Krugman-sensei says, in half jest, "Okay, We are a banana Republic, with nukes".
I say, when you are a banana Republic, you should act like one.
On that note, conspicuously missing from Krugman's list of options is this: monetize "the problem(s)". Bernanke is already close to being on the record that it will not be inflationary to do so. Who knows? With the pace of deleveraging in the private markets, he may be right!
Of course, the problem isn't just bad financial assets and poor financial risk management, leading to inadequate capital. It's falling house prices and defaults.
If the U.S. Government started in mitigating those last two risks, Wall Street would stabilize immediately, especially on the derivatives side of things.

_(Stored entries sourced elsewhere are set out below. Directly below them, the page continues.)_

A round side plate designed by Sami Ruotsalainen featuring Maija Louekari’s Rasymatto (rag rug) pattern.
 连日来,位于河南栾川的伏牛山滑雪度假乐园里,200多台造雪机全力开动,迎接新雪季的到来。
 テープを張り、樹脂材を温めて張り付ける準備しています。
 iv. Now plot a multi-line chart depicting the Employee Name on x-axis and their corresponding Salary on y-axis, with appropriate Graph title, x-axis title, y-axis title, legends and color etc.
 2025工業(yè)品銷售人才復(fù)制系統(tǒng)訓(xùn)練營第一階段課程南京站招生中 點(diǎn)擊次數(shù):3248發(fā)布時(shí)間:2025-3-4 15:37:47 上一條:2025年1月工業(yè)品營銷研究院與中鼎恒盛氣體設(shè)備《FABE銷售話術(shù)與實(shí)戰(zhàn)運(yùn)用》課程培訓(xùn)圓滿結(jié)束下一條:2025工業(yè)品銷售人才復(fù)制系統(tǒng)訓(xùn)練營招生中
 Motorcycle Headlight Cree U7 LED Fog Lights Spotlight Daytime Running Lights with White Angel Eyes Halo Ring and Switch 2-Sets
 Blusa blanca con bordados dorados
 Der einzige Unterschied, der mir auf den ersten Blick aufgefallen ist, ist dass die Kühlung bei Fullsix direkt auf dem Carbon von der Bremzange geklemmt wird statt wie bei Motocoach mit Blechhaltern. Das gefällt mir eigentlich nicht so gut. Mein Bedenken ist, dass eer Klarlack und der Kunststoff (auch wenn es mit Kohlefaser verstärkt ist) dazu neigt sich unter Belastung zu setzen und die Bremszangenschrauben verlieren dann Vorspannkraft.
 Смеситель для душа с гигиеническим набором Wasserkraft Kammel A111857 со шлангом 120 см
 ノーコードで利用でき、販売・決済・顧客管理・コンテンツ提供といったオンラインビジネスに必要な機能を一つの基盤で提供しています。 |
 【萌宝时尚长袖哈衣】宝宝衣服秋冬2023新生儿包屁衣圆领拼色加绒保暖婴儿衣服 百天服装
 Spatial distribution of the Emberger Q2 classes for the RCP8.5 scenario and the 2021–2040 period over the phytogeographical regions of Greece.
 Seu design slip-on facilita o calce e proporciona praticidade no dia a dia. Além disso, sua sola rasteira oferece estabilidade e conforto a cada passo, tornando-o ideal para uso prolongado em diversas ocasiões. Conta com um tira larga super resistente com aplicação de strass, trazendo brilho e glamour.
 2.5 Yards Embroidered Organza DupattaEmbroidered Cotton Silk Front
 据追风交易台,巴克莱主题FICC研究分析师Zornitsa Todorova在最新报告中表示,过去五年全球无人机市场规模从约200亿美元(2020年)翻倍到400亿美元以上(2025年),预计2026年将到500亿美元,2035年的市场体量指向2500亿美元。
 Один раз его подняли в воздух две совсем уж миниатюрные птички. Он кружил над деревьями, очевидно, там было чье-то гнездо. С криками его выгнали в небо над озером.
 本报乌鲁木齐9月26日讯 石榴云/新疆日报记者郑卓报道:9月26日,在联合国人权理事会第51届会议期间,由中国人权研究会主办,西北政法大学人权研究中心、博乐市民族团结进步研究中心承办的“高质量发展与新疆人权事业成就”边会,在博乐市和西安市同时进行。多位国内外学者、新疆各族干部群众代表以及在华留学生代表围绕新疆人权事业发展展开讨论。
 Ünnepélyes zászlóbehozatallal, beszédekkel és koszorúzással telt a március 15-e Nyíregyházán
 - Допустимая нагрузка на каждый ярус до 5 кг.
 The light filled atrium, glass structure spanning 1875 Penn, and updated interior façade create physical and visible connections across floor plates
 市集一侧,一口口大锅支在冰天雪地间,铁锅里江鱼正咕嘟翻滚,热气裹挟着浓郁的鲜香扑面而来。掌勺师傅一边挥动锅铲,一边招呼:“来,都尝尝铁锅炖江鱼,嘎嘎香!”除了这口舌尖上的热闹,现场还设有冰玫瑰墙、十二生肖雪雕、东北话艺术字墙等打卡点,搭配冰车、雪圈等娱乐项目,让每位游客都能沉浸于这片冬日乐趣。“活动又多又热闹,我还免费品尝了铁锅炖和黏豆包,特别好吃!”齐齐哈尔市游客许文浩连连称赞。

Would Wall Street "reflate" as well as stabilize? Some, but there are still losses...prospectively and retrospectively. However, in crisis, stability is "purchased" through certainty, not by reserves, necessarily, or by recapitalization. Put another way, recapitalization is a fix for the bank credit squeeze, I'd hazard, but not for the uncertain outlook or assessments of the ability of the system to weather a continuation in the uncertain outlook.
Even the government cannot offer certainty, but it sure can cast a long shadow (at least it was long, until the GOP decided that debt-spending to win elections was the cost-free alternative to responsible fiscal management).